Выбрать главу

-- "Видел я, как овен бодал к западу и к северу и к югу, и никакой зверь не мог устоять против него, и никто не мог спасти от него; он делал, что хотел, и величался. Я внимательно смотрел на это, и вот, с запада шёл козёл по лицу всей земли. Он пошёл на того овна и бросился на него в сильной ярости своей. И я видел, как он поразил овна, и недостало силы у овна устоять против него, и он поверг его на землю и растоптал".

-- Что это значит? -- недоумённо спросил Александр.

-- Говорится в книге пророка Даниила, что овен -- это царь персидский, а козёл косматый -- царь сынов Явана.

Чёрный Клит усмехнулся, взглянул на Птолемея, словно ожидая, что тот разделит его веселье, но Лагид был серьёзен и мрачен. Ионафан продолжал:

-- "И восстанет царь могущественный, который будет владычествовать с великою властью, и будет действовать по своей воле".

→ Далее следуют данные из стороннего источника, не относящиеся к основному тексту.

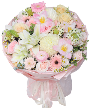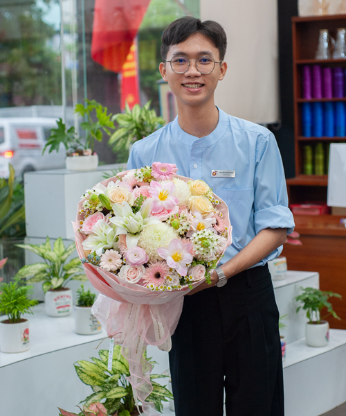 Sắc hoa rực rỡ hồng – trắng đan xen, như ánh nắng ban mai chiếu rọi đầy sức sống. Bó hoa mang đến năng lượng tích cực, lan tỏa sự ấm áp và niềm tin yêu. Shine On Me là lời chúc tươi sáng, khích lệ và tràn đầy hy vọng cho bất kỳ ai nhận được.

-- Я и есть царь могущественный, -- сказал Александр, -- действующий по своей воле. И я разбил царя Персии. Видать, не врали твои пророки.

Ионафан не ответил. Александр тоже некоторое время молчал, глядя учителю закона прямо в глаза. Тот взгляда не отводил.

-- Утром ты станешь свидетелем моего суда, -- наконец нарушил молчание царь, -- если невиновность твоих людей будет доказана, вы получите возмещение ущерба золотом. И за побитых людей, и за скотину, и за сожжённые дома. Если же нет, довольно с вас наказания.

Александр повернулся к Птолемею.

-- Лагерь укрепить, посты усилить.

-- А если эти попытаются ночью напасть? -- кивнул Птолемей в сторону группы иудеев, окружённых частоколом копий гипаспистов.

Александр посмотрел на них, прищурившись.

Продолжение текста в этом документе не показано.